We will now run these models on the test data to see how they perform
For Simple Average Model, using our D_sma() function, best model is m = 8.
m_testing <- D_sma(1, 8, testing)
err_testing <- calculate_error(testing, m_testing)
rmse_testing <- calculate_rmse(err_testing)
rmse_testing
## [1] 6.619054
testing_df <- data.frame(testing, m_testing)
plot(testing_df)
As in the training set, the testing values vs predicted values show no correlation. No positive or negative correlation. The values are simple random. This is not an impressive model. RMSE is 6.619054 This RMSE is worse than when the model was used on the training set.
alpha_testing <- exponential_smoothing(testing, 0.9)

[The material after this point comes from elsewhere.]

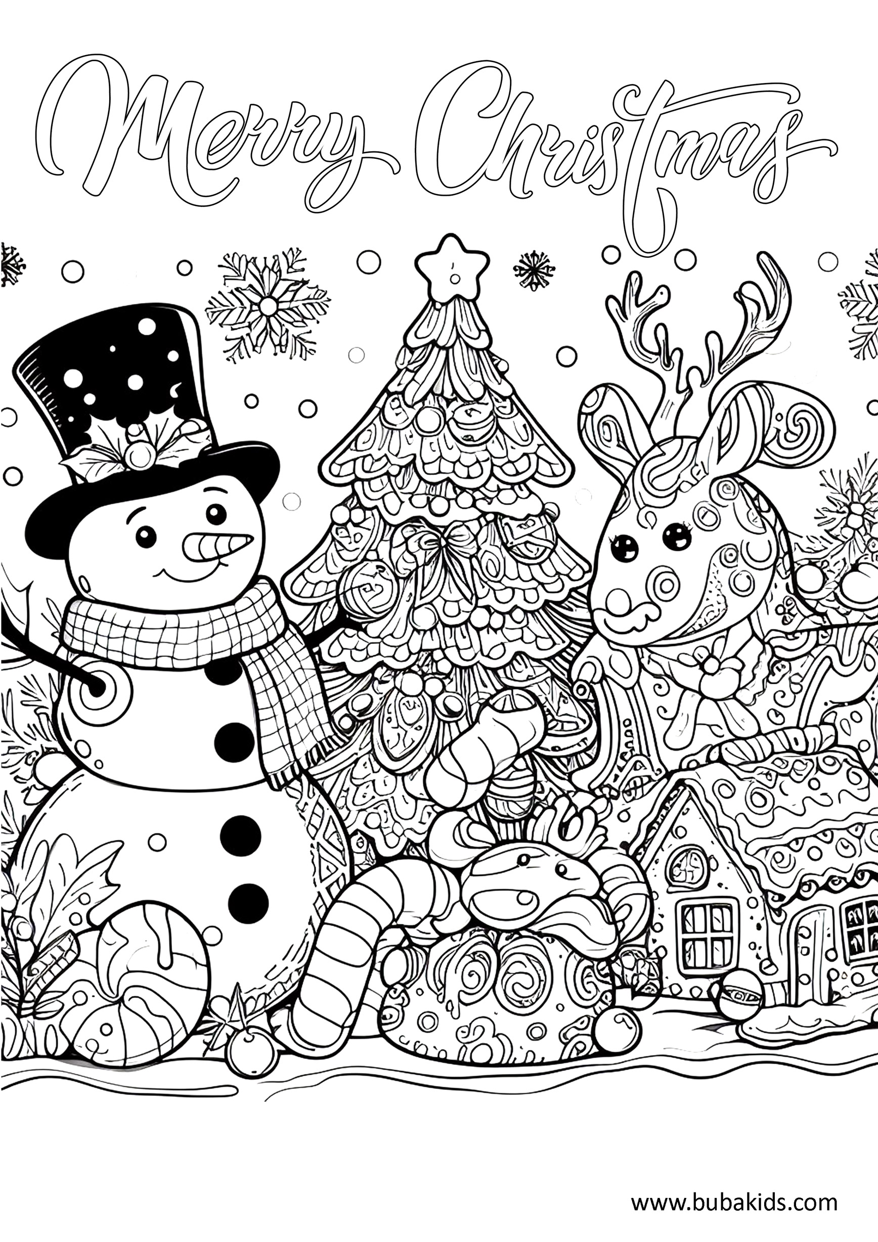 christmas tree snowman christmas theme coloring page

err_testing <- calculate_error(testing, alpha_testing)
rmse_testing <- calculate_rmse(err_testing)
rmse_testing
## [1] 7.87134
testing_df <- data.frame(testing, alpha_testing)
plot(testing_df)
Here we can see, the testing values vs predicted values show a slight positive correlation. However the RMSE is 7.87134. Which is worse than when the model was used on the training set and worse than the SMA model on the testing set.
fit2 <- Arima(testing, c(3,0,0))
#Plotting the forecated series in red and the original testing series in blue
plot(forecast(fit2), col="red")
lines(testing, col = "blue")
data_arima_plot <- data.frame(testing, fit2$fitted)
colnames(data_arima_plot) <- c("testing", "predicted values for p = 3")
plot(data_arima_plot)
accuracy(fit2)
## ME RMSE MAE MPE MAPE MASE
## Training set 0.004016223 5.917087 4.738452 -0.4288647 5.272369 0.7116276
## ACF1
## Training set -0.001330702
Here we can see, the testing values vs predicted values show a positive correlation. This is the best model relative to the SMA and Exponential smooting for testing. RMSE is 5.917087. So far, it has the least RMSE.
Therefore, based on the RMSE and correlation between the predicted and observed values when we used the ARIMA(3,0,0) model, we conclude that the best model is the ARIMA model.